Serena is so determined that she even has George killed when she discovers that he has been protecting Rachel and Jacob. Yet in the novel’s epilogue set 50 years later in 1979, mother and son have escaped the knife of Serena’s henchman Galloway, and both Serena and Galloway are also still living when a man who might be Jacob executes a final form of justice.
That left a span of 50 years during which Serena would surely have had her henchman continuing the search for Rachel and Jacob, yet clearly Galloway failed to find them. So readers want to know why: how was it that Serena failed when she had 50 years to get the grisly job done?
Rash’s new novella answers that question. “In the Valley” takes readers back to 1929 and the lumber operation. George is dead, and Rachel and Jacob have just escaped, crossing the country by rail and ending up in Seattle, as far as they can get from Serena. But Serena still wants Galloway to find and kill them.

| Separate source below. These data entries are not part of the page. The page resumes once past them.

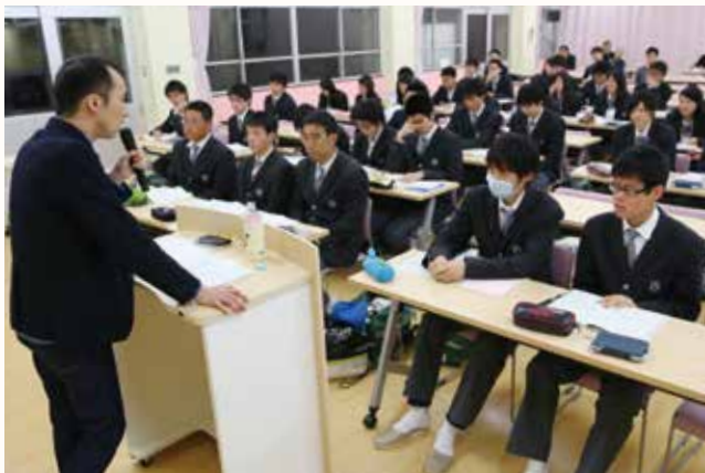
▲英語の講義を受ける3年生58人。

北条高校の活性化を目的として北条高校活性化協議会（市、商工会議所、北条高校PTA、北条高校同窓会、連合PTA）が実施する「北条高校アフタースクールゼミ」が開講しました。学校法人河合塾の講師が、同校の希望者に、英語と数学の講義を対面型で行います。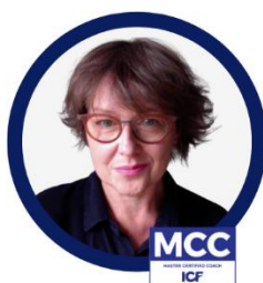
Jadoga Inglik Coach, Trenerka, Mentorka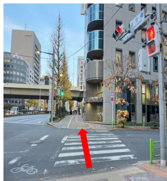
⑤城南信用金庫の方向へ曲がり、30mほど直進します。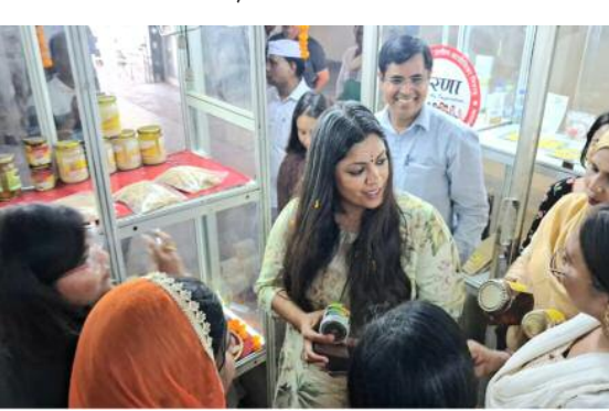
महिलाएं आत्मनिर्भर भारत के निर्माण में महत्वपूर्ण भूमिका निभा रही हैं। उन्होंने कहा कि ग्रामीण महिलाओं द्वारा तैयार किए जा रहे उत्पाद न केवल उनकी आर्थिक स्थिति को मजबूत बना रहे हैं, बल्कि उन्हें समाज में नई पहचान और सम्मान भी दिला रहे हैं। इस दौरान जिलाधिकारी ने महिलाओं का

संदीप गर्ग समाज जागरण गौतमबुद्धनगर, 04 जून। उत्तर प्रदेश राज्य ग्रामीण आजीविका मिशन (यूपीएसआरएलएम) के अंतर्गत विकास भवन में संचालित सस्स शॉप का शुभारंभ जिलाधिकारी ने फीता काटकर किया। इस अवसर पर उन्होंने स्वयं सहायता समूहों की महिलाओं द्वारा तैयार किए गए उत्पादों का अवलोकन कर उनके प्रयासों की सराहना की।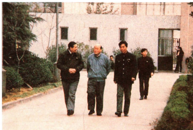
1989年4月，中共浙江省委书记、省长沈祖伦（左二）来校视察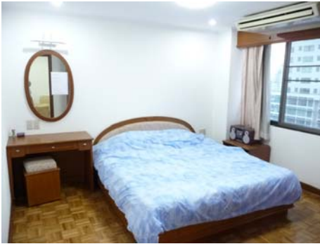
明るい寝室で、目覚めもよいかも

Galloway depends on his mother to trail them, for this aged crone has ESP that allows her to sense where to find people anywhere. Well, not quite anywhere. She has told Galloway that Rachel is too far away and they must head west to get nearer to wherever Rachel is in order for her to pick up the signal.
Always dressed in black, this ominous-looking crone represents the evil, prophesying witches in “Macbeth.” She has told Galloway that they must leave soon. But Serena has told him to wait until an approaching lumbering deadline that will mean a financial boon to her. That deadline will be soon enough, she says.

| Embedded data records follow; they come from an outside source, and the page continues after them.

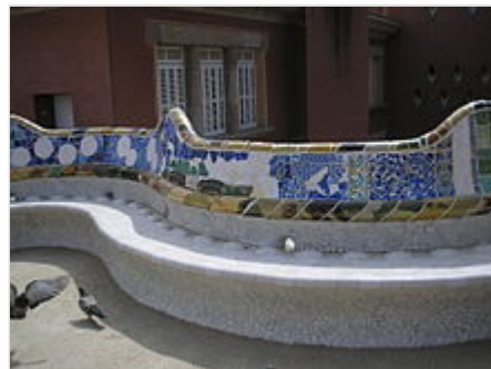
Banco de trencadís del Parque Güell .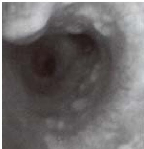
شکل ۲: نمای برونکوسکوپی TO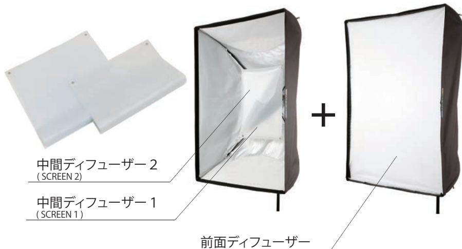
中間ディフューザー 2 (SCREEN 2)

中間ディフューザーには2枚の樹脂製の薄いフィルムに異なるドットパターンを印刷したものが付属されており、これがウェーハーの鍵となります。この、鍵となる中間ディフューザーと前面ディフューザーの組み合わせで光質の調整が可能となります。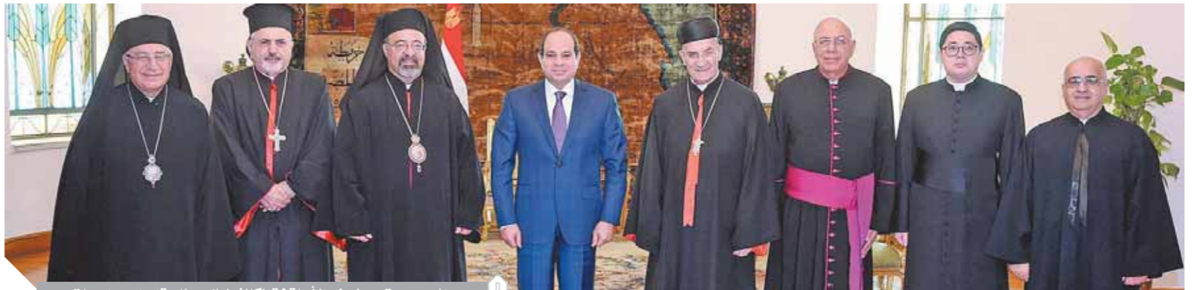
السيسي يتوسط وفد الأساقفة الكاثوليك برئاسة إبراهيم اسحاق

Rash devotes much of the novella to the men actually doing the lumbering, bringing one team of lumberjacks alive to readers. Serena has put them under terrible pressure to complete clearing the last mountainside before her deadline.
One lumberjack, named Ross, is different from the others. He’s a local man like them, but he had gone to college and had become a high-school math teacher. Yet when Ross apparently brought home diphtheria from school, diphtheria that ended up killing his wife and children but sparing him, he quit teaching and joined the lumbering crew, the hard, concentrated, day-long physical labor relieving some of his constant guilt and grief . . . and providing the possibility of “accidental suicide,” the death-rate among lumbering men being very high. The operation has its own graveyard, and one member of Ross’s crew and many men from other crews already lie buried there.

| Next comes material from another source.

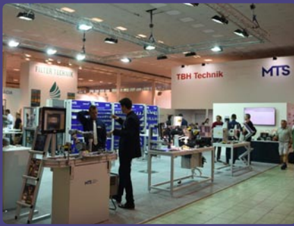
TBH Technik, Žilina a MTS, spol. s r. o., Krivá

Vystavovateľ: ABB, s. r. o., Bratislava (SK) Výrobca: ABB, s. r. o., Bratislava (SK) Názov exponátu: ABB robot IRB 4600 so systémom SafeMove 2 systém pre bezpečnú spoluprácu človeka a robota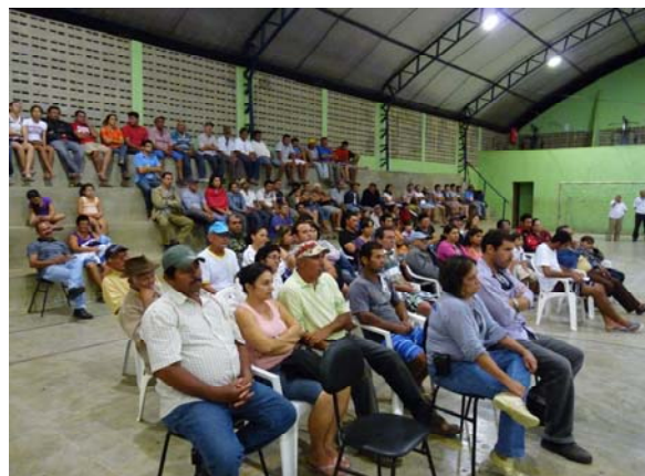
Foto 02. Primeira Audiência Pública do Plano Diretor Participativo de São Domingos do Cariri-PB.

Ross knows about Rachel and Jacob, as well as about the mysterious deaths of so many who got in Serena’s way. And he knows that Galloway is her henchman and that the old crone is Galloway’s guide. Yet while others fear Galloway and avoid him, Ross repeatedly stands up to him, even after Galloway warns him that his time is coming. Ross tells Galloway that he can’t take anything from him that he values, and readers know that includes his life.
As the climax nears, readers sense that Ross must be the key to the survival of Rachel and Jacob. But readers of “Serena” also know that Galloway will still be alive in 1979, so Ross can’t be about to murder him. So what’s going to happen! How will this man grieving at the loss of his wife and children save the lives of a woman and child begotten by one of Serena’s recent victims, her own husband?